IEEE Trans Pattern Anal Mach Intell. 2022 Oct;44(10):5980-5995. doi: 10.1109/TPAMI.2021.3083769. Epub 2022 Sep 14.
Deep visual models are susceptible to adversarial perturbations to inputs. Although these signals are carefully crafted, they still appear noise-like patterns to humans. This observation has led to the argument that deep visual representation is misaligned with human perception. We counter-argue by providing evidence of human-meaningful patterns in adversarial perturbations. We first propose an attack that fools a network to confuse a whole category of objects (source class) with a target label. Our attack also limits the unintended fooling by samples from non-sources classes, thereby circumscribing human-defined semantic notions for network fooling. We show that the proposed attack not only leads to the emergence of regular geometric patterns in the perturbations, but also reveals insightful information about the decision boundaries of deep models. Exploring this phenomenon further, we alter the 'adversarial' objective of our attack to use it as a tool to 'explain' deep visual representation. We show that by careful channeling and projection of the perturbations computed by our method, we can visualize a model's understanding of human-defined semantic notions. Finally, we exploit the explanability properties of our perturbations to perform image generation, inpainting and interactive image manipulation by attacking adversarialy robust 'classifiers'. In all, our major contribution is a novel pragmatic adversarial attack that is subsequently transformed into a tool to interpret the visual models. The article also makes secondary contributions in terms of establishing the utility of our attack beyond the adversarial objective with multiple interesting applications.

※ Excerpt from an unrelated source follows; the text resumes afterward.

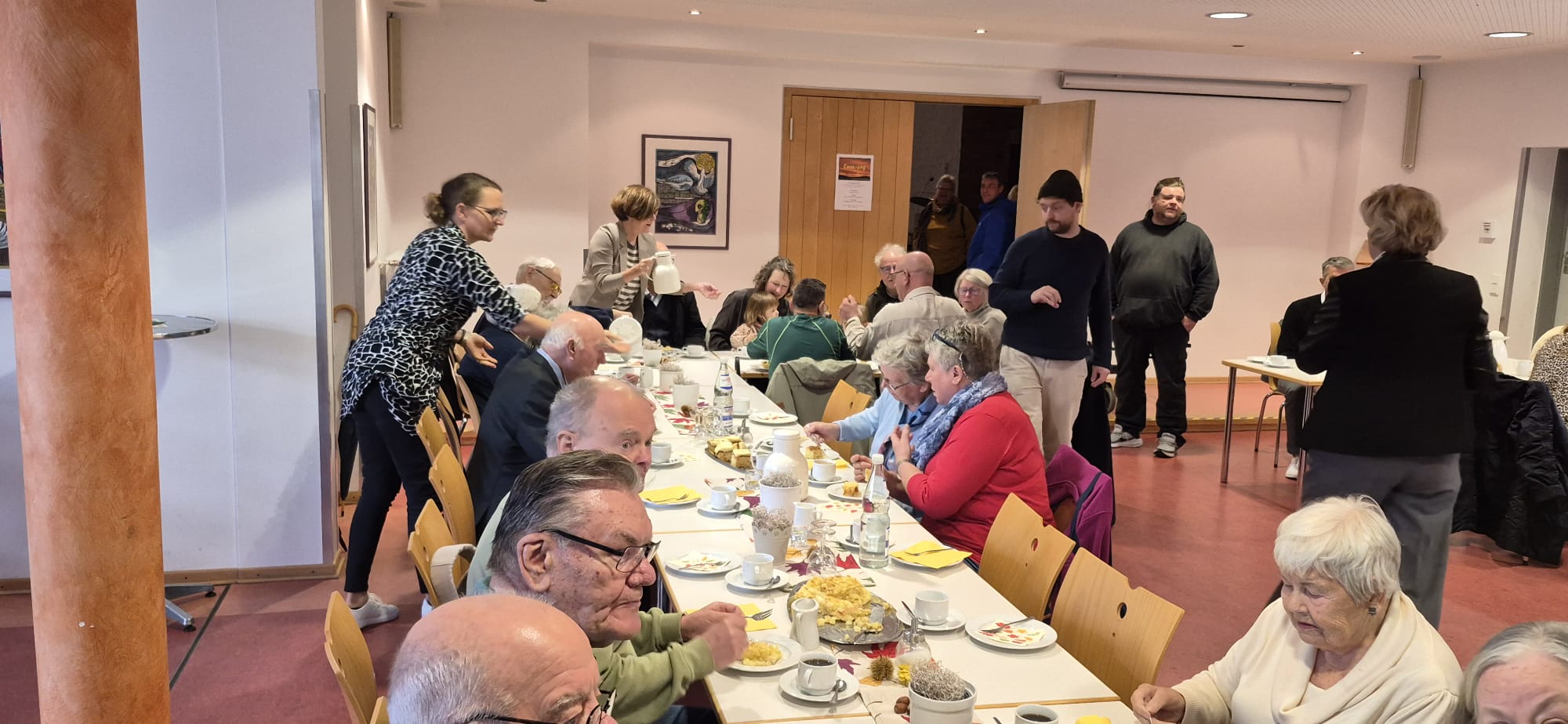 Später beim gemeinsamen Kaffeetrinken im Gemeindehaus wurde natürlich über den Gottesdienst gesprochen und über die eigenen Erfahrungen und Berührungen im Leben zum Thema Demenz.

深度视觉模型容易受到输入的对抗性干扰。尽管这些信号是精心设计的,但它们在人类看来仍然像是噪声模式。这一观察结果导致了深度视觉表示与人类感知不一致的论点。我们通过提供对抗性干扰中存在人类有意义模式的证据来反驳这一观点。我们首先提出了一种攻击,该攻击可以欺骗网络将一整类物体(源类)与目标标签混淆。我们的攻击还通过来自非源类的样本限制了无意的欺骗,从而限定了网络欺骗的人类定义的语义概念。我们表明,所提出的攻击不仅导致了干扰中出现规则的几何模式,而且还揭示了有关深度模型决策边界的有见地的信息。进一步探索这一现象,我们改变了攻击的“对抗性”目标,将其用作“解释”深度视觉表示的工具。我们表明,通过仔细引导和投影我们方法计算的扰动,我们可以可视化模型对人类定义的语义概念的理解。最后,我们利用我们的扰动的可解释性特性,通过攻击对抗鲁棒的“分类器”来执行图像生成、修复和交互式图像操作。总之,我们的主要贡献是一种新颖的实用对抗性攻击,随后将其转化为解释视觉模型的工具。该文章还通过多个有趣的应用,在超越对抗性目标的方面,提供了关于我们攻击的实用性的次要贡献。